Hamirpur Artisans Keep 100-Year-Old Shoe Craft Alive
In a small Uttar Pradesh town, craftsmen like Shyam Babu are preserving a century-old tradition of handmade leather shoes that can be worn on either foot. Their Nagra jutis tell a story of cultural identity stitched into every pair.
In Sumerpur, a town in Hamirpur district, Uttar Pradesh, skilled hands are keeping a dying art alive one shoe at a time.
Shyam Babu and fellow artisans craft Nagra jutis, traditional handmade leather shoes that have defined the region's identity for generations. Unlike mass-produced footwear, each pair is cut, stitched, shaped, and finished entirely by hand using techniques passed down through families.
The shoes carry a unique feature that sets them apart: they have no left or right foot. The traditional straight design means wearers can slip either shoe on either foot, a practical choice rooted in generations of craftsmanship.
The making process is meticulous and unchanged by time. Artisans start by selecting thick hides for soles and softer goat or sheep leather for uppers. They trace patterns based on size, cut the pieces, then carefully stitch the upper to the sole.
Each pair is placed on a wooden frame to hold its shape, pressed for structure, then smoothed and detailed by hand. While older versions were heavy and built for rough terrain, modern Nagra jutis are lighter and more comfortable for everyday wear without losing their traditional character.

Skills aren't learned in classrooms but absorbed at home through watching, practicing, and repeating. Young craftsmen grow up seeing their fathers and grandfathers work the leather, their hands memorizing each step before they ever make their first pair.
The craft faces modern challenges. Raw materials now come from distant markets in Agra, Kanpur, and Jalandhar rather than local sources. This dependence on external supply chains adds vulnerability to an already fragile livelihood.
The Ripple Effect
Recognition under India's One District One Product (ODOP) program has given Nagra jutis new visibility through exhibitions and promotional platforms.

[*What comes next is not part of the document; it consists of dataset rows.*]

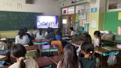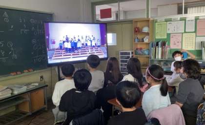 11月25日(金)、26日(土)は学習発表会です。4年生は本日、4時間目に体育館で通し練習をしました。本番が迫っているということもあり、どの子も程よい緊張感の中、とても集中して発表の練習ができました。練習の様子をクロームブックで撮影したため、教室に戻ってから、自分たちの発表の様子を鑑賞しました。子どもたち自身も今日の練習には手ごたえを感じていたようで、自分たちの発表を楽し気に鑑賞していました。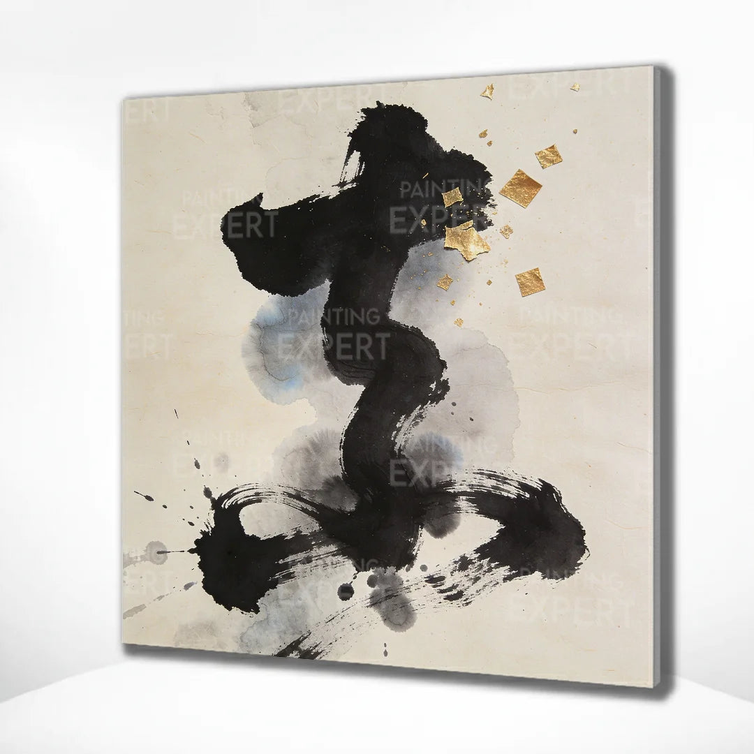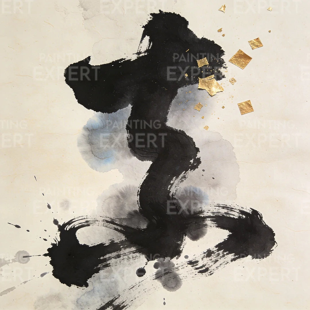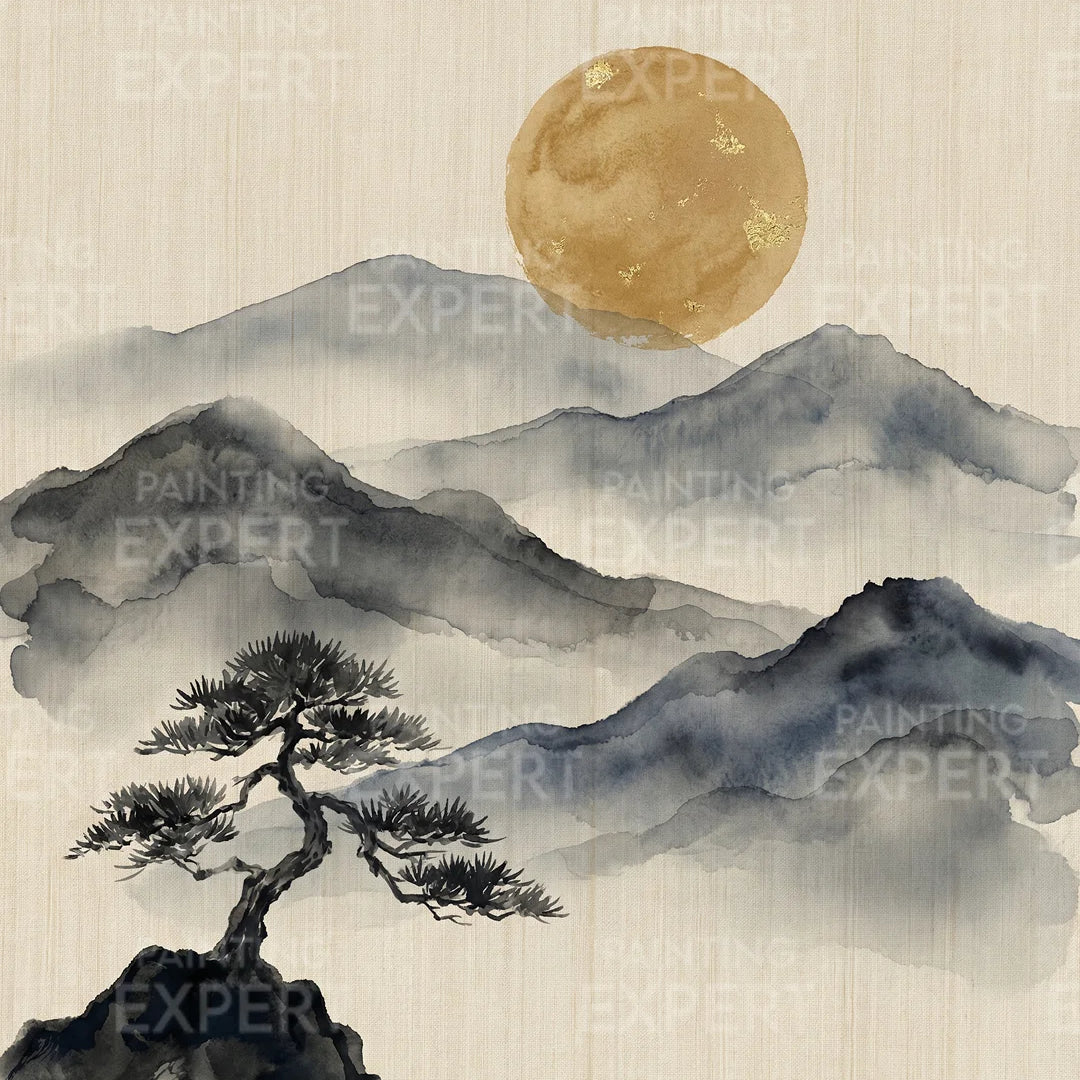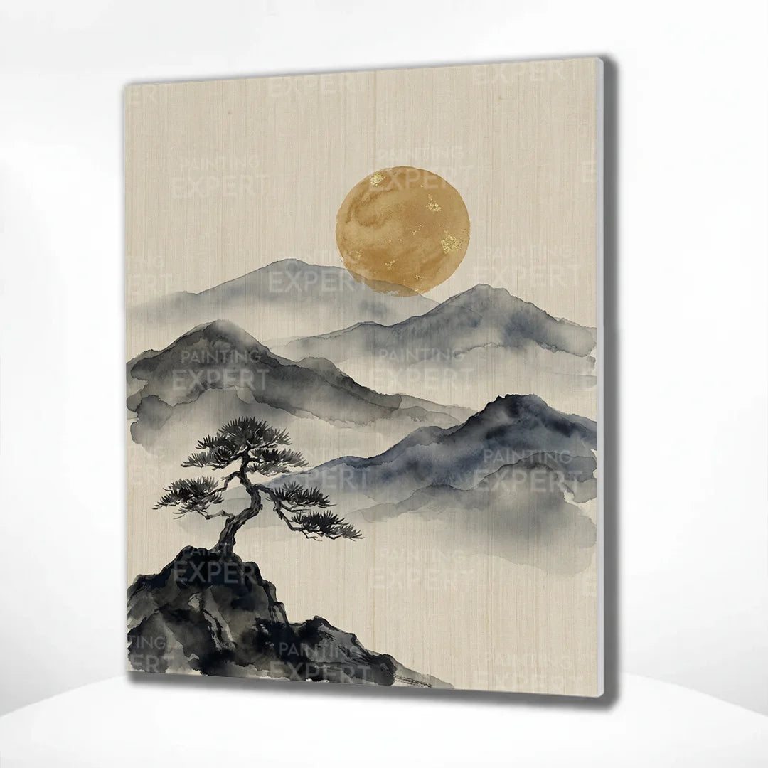 Malen nach Zahlen Berge in Tinte mit goldenem Mond Japan
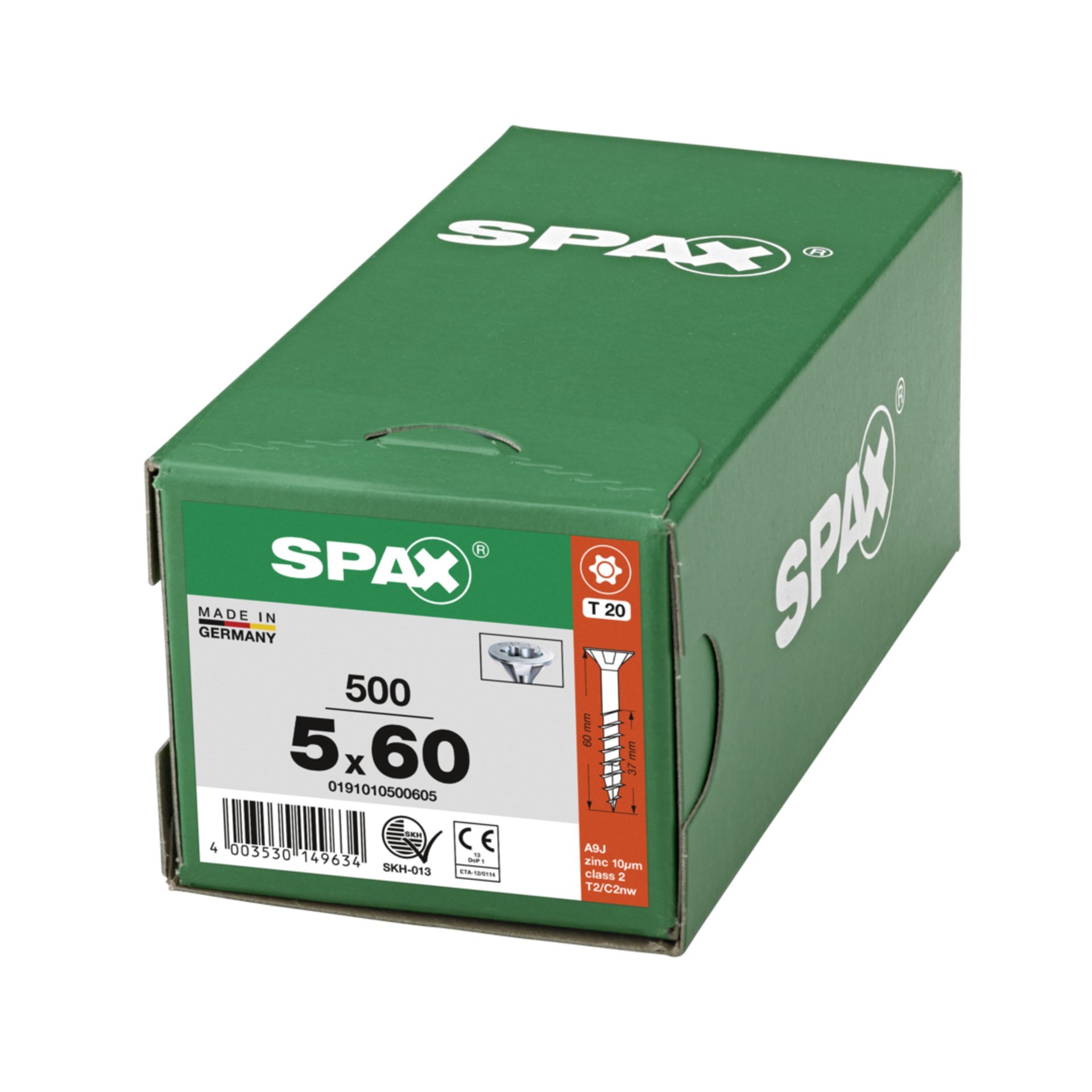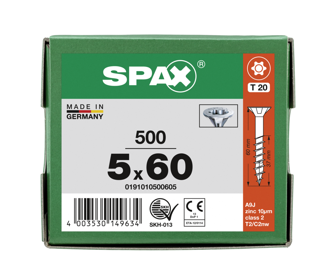 Eigenschaften "SPAX Universalschraube, 5 x 60 mm, 500 Stück, Teilgewinde, Senkkopf, T-STAR plus T20, 4CUT, WIROX"

The framework helps connect these artisans with buyers beyond their immediate region, creating pathways to markets that once seemed unreachable.
For Shyam Babu, the craft's survival depends on two things: steady demand and fair earnings. When craftsmen can make a living wage, the next generation sees value in continuing the tradition rather than abandoning it for factory work.
Each pair of Nagra jutis carries more than just craftsmanship. It carries cultural continuity, family legacy, and the quiet determination of artisans who choose tradition in a world racing toward automation.
The shoes may be designed without left or right, but the path forward for these artisans is clear: preserve the skill, adapt to comfort, and trust that buyers will recognize authenticity when they see it.